Authentication and User Accounts
Phdhub suppors a number of authentication mechanisms:
- Social networks
- a combination of username and password
Note that your administration might decide to support only some of the items above.
This page describes in details each of the authentication mechanisms.
ShibbolethOur support for Shibboleth-based systems is done via IDEM identity and access federation. This is the best way to connect users of an organization with PhdHub service if your university already has a Shibboleth service running.
When user chooses to authenticate using this method, PhdHub passes the request to the underlying Identity Provider (in Shibboleth terminology it is called IdP) and "forgets" about that user for a moment, until she comes back from the IdP (normally upon successful authentication). While coming back to PhdHub (or SP, Service Provider, using Shibboleth terms), the user "drags" with her some additional information created and encrypted by the IdP. It is said that IdP releases requested attributes (or assertions) to the SP. This is the key point: exactly this information allows user's Identity Provider and PhdHub to "connect" together.
The minimum information PhdHub requests from an IdP is eduPersonTargetedID which can be described as "A persistent, non-reassigned, privacy-preserving identifier for a principal shared between identity provider and service provider".
To sum up, Shibboleth authentication has a number of advantages:
- The authentication is delegated to your university so you are in complete control of the user credentials.
- Passwords are never being stored within PhdHub service.
- Your users are not required to remember a yet-another-password.
If your university is already a member of IDEM AAI, no additional setting required to connect PhdHub with your university accounts and is a preferred method of connecting your Shibboleth service with PhdHub. Otherwise, if your university cannot make it to IDEM AAI members for some reason but has already a Shibboleth service setup, please contact firstname.lastname@example.org and we will work something out together.
If your university does not currently have a Shibboleth service running, there might be a drawback of using this authentication mechanism as your tech staff will get additional workload with setting up and maintaining additional in-house service.
Social Network Accounts
This method is a perfect solution in cases where your organization does not currently have a Shibboleth service running and your internal policy allows usage of external accounts.
PhdHub supports authentication against the following social networks:
- Google+ (Google Accounts)
It is sufficient that your school administration enables External Account Providers option in the School Settings. Once enabled, your users will see an additional section on a Sign in page:
The above list is based on OAuth 2.0 and OAuth 1.0a flows behind the scenes. If your organization already has an internal OAuth 2.0/1.0a compliant service, please contact email@example.com and we will be happy to help you connect the both systems together.

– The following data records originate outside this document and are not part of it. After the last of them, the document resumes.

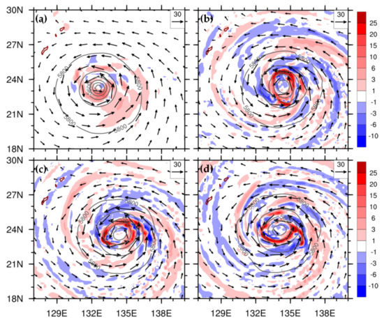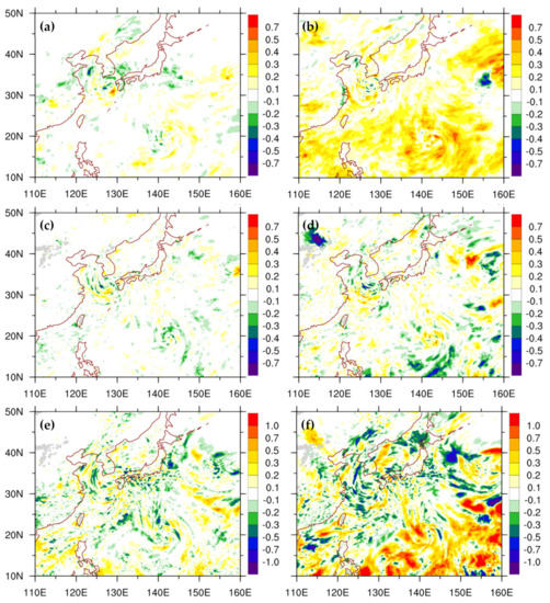 Figure 6 shows the improvement in track prediction mainly attributed to the typhoon movement. The potential vorticity (PV) tendency budget was demonstrated as a useful tool to quantify the typhoon translational speed by diagnosing the asymmetrical wavenumber-1 (WN-1) component (e.g., [45,46,47,48]). The PV is defined by and the prognostic equation of PV can be derived as follows [48]:
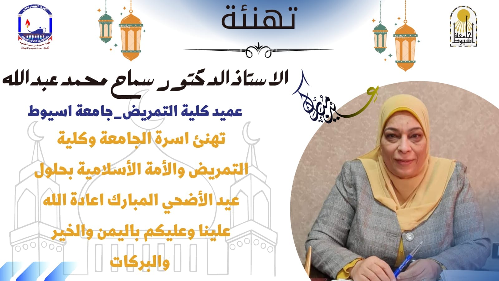 تتقدم السيد الأستاذ الدكتور/ سماح محمد عبدالله عميد الكلية بأجمل التهاني القلبية لأسرة جامعة أسيوط وأسرة كلية التمريض والأمة الإسلامية بمناسبة عيد الأضحى المبارك اعاده الله علينا وعليكم بالخير واليمن والبركات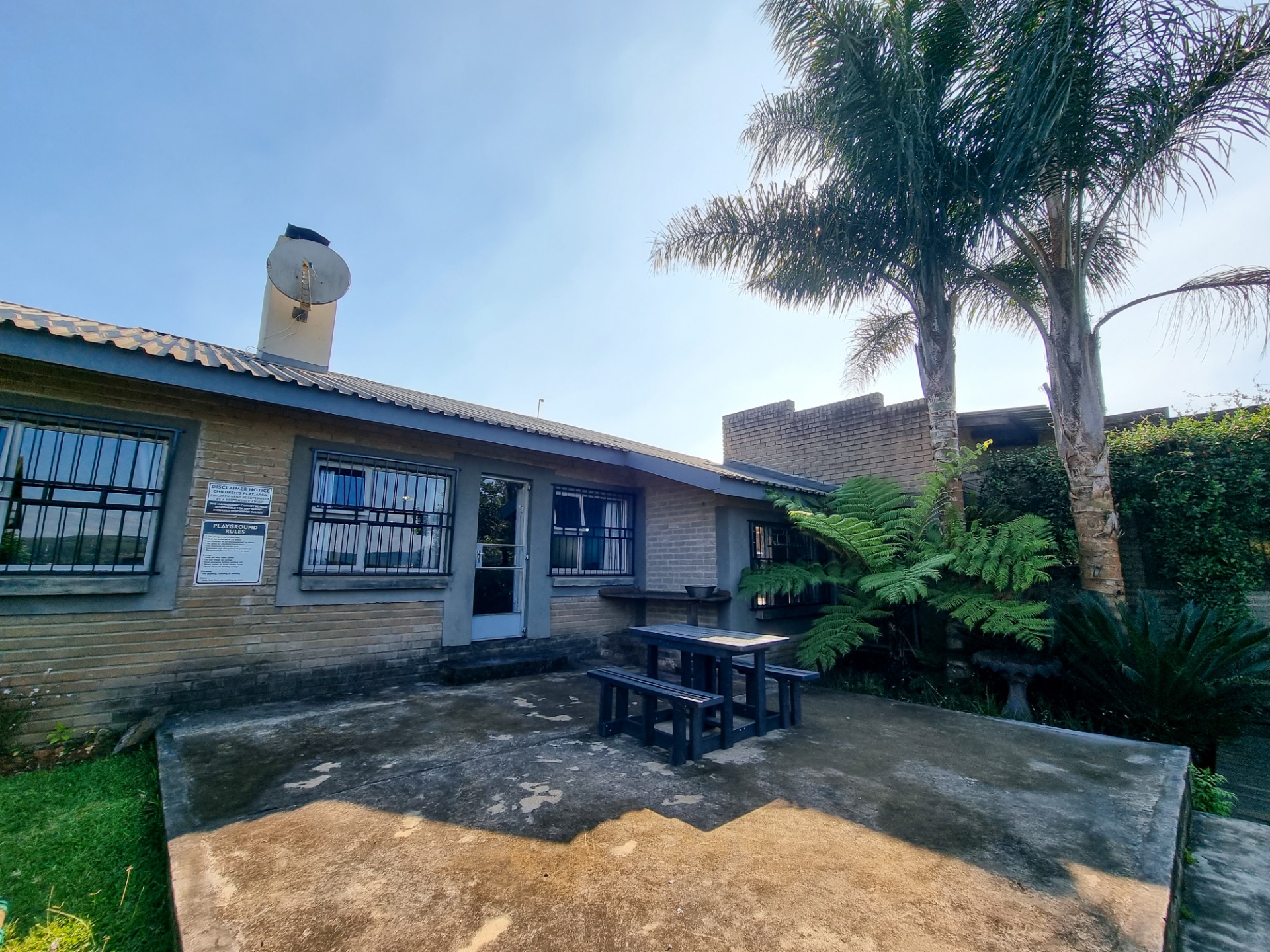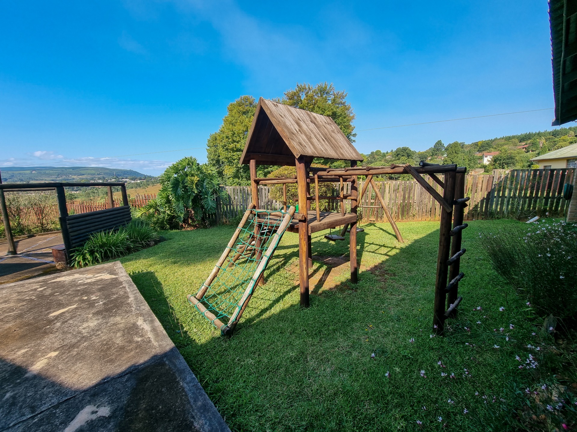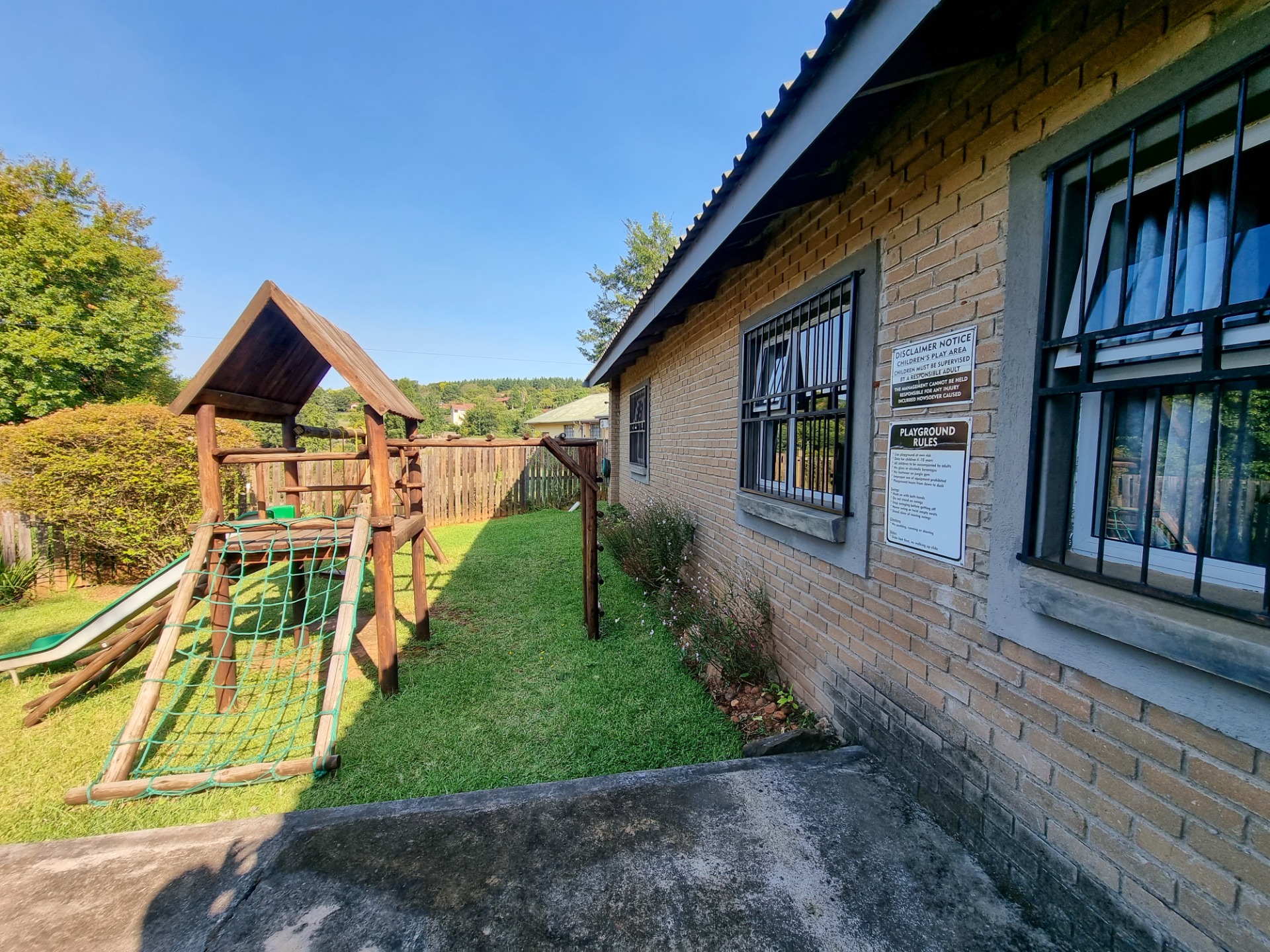 The open air patio, play area and private garden look out to the beautiful mountains and waterfalls of Sabie.

OpenID is in a development state. If your university has an internal OpenID provider please contact firstname.lastname@example.org for a specific inquiry.
A username/password pair
This is a standard username/password authentication mechanism and is enabled by default as we realize not every entity has their own centralized accounts system. In this case administration office of your Phd school will have to set an initial password for every user. Subsequently, users will be able to modify their passwords.
In this scenario passwords are stored within PhdHub service internally. We take security very seriously so passwords are never stored in "clear text" and always being encrypted with strong algorithms. Additionally, we are using timestamps to "rotate" encrypted password bits. This way, passwords stored internally are impossible to decrypt, not even for PhdHub technical staff.
We recommend using this method only if none of the other methods described above suits your setup.